● Exercise details:
Taking the entries below, transcribe only the lines starting with the one with "2009年中国重卡行业(包括" and going on through the one with "Von den mit", exactly as written, without the pictures.

● Materials provided:
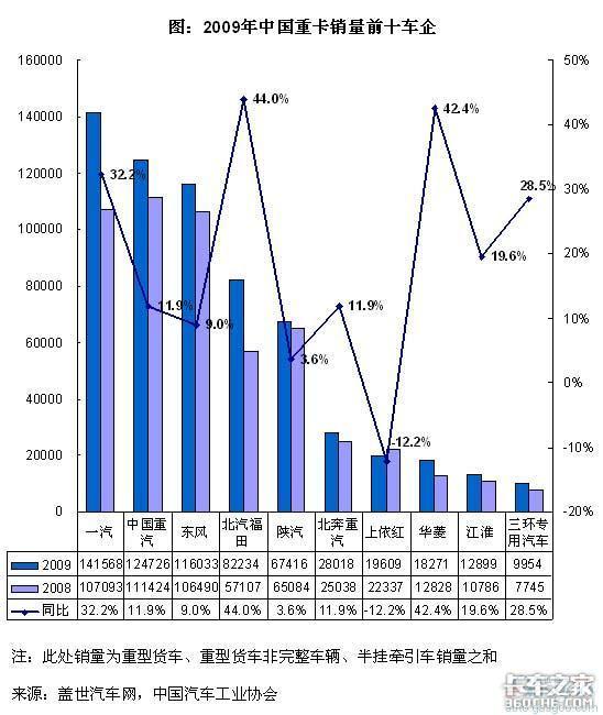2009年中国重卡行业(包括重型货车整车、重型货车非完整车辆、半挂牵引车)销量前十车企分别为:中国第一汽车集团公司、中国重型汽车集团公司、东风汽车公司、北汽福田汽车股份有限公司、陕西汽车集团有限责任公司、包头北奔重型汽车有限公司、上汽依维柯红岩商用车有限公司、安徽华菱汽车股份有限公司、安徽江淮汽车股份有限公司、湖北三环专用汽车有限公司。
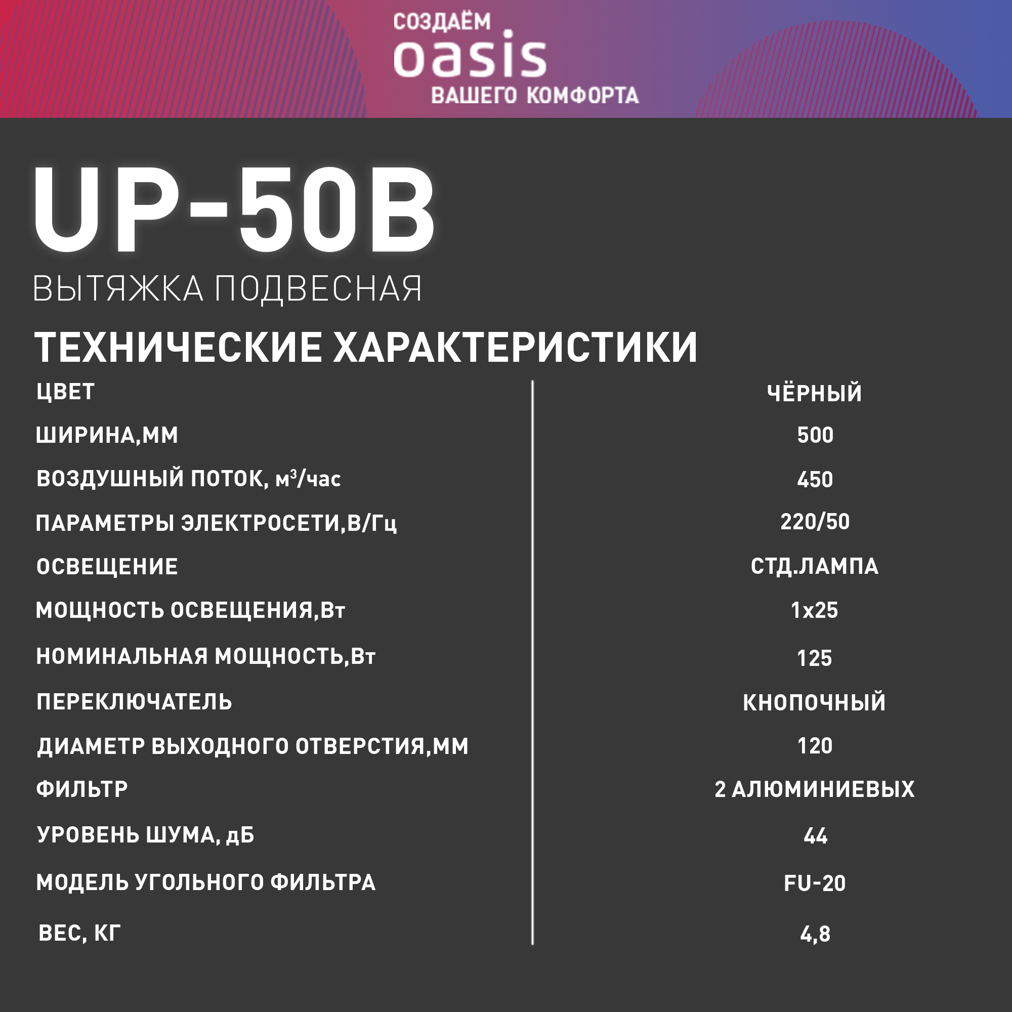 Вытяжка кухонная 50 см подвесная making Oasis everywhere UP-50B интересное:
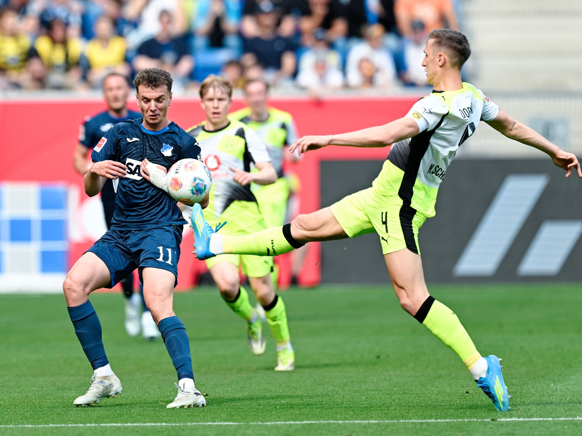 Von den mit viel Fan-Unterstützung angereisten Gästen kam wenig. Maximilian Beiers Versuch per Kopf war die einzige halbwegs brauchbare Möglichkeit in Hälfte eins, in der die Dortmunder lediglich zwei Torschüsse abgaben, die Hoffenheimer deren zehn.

==

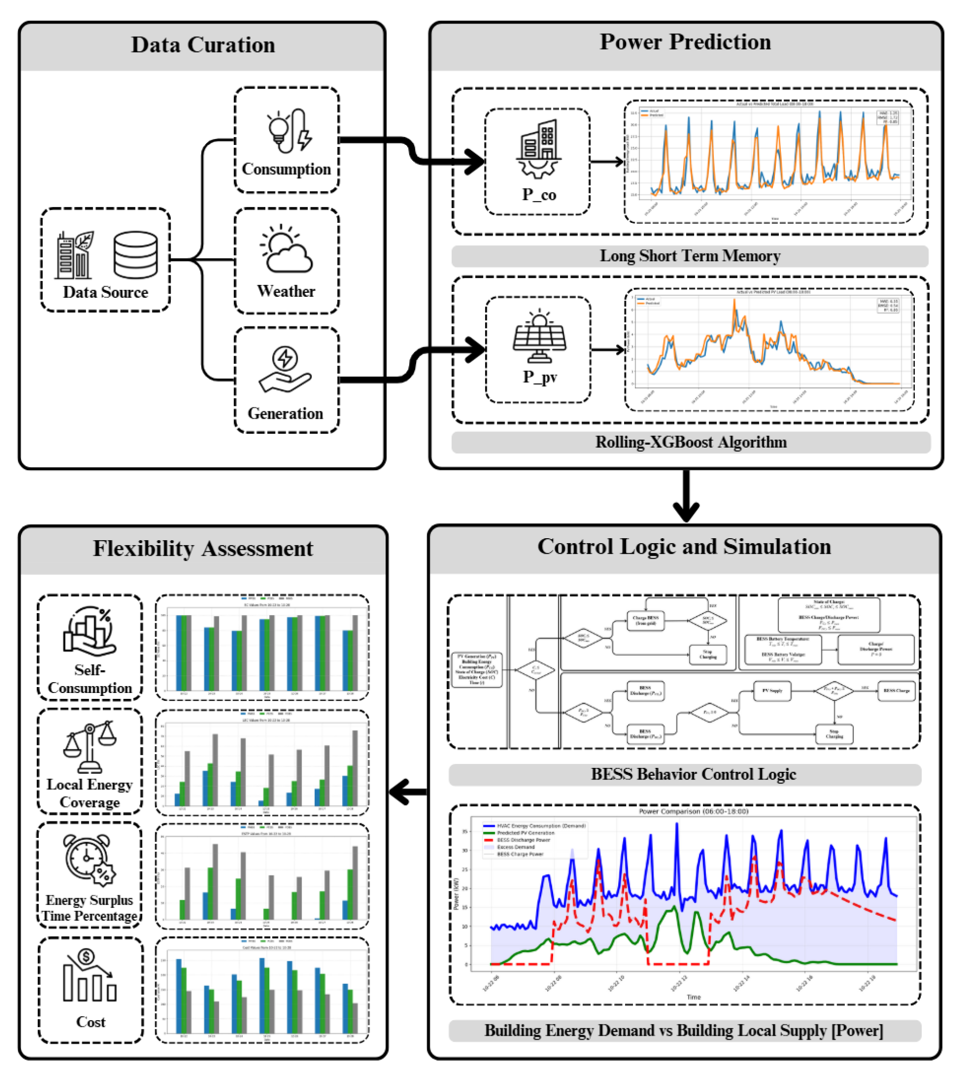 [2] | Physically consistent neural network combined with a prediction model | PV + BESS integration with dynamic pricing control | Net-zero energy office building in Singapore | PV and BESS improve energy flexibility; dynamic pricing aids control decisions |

● Output below:
2009年中国重卡行业(包括重型货车整车、重型货车非完整车辆、半挂牵引车)销量前十车企分别为:中国第一汽车集团公司、中国重型汽车集团公司、东风汽车公司、北汽福田汽车股份有限公司、陕西汽车集团有限责任公司、包头北奔重型汽车有限公司、上汽依维柯红岩商用车有限公司、安徽华菱汽车股份有限公司、安徽江淮汽车股份有限公司、湖北三环专用汽车有限公司。
 Вытяжка кухонная 50 см подвесная making Oasis everywhere UP-50B интересное:
 Von den mit viel Fan-Unterstützung angereisten Gästen kam wenig. Maximilian Beiers Versuch per Kopf war die einzige halbwegs brauchbare Möglichkeit in Hälfte eins, in der die Dortmunder lediglich zwei Torschüsse abgaben, die Hoffenheimer deren zehn.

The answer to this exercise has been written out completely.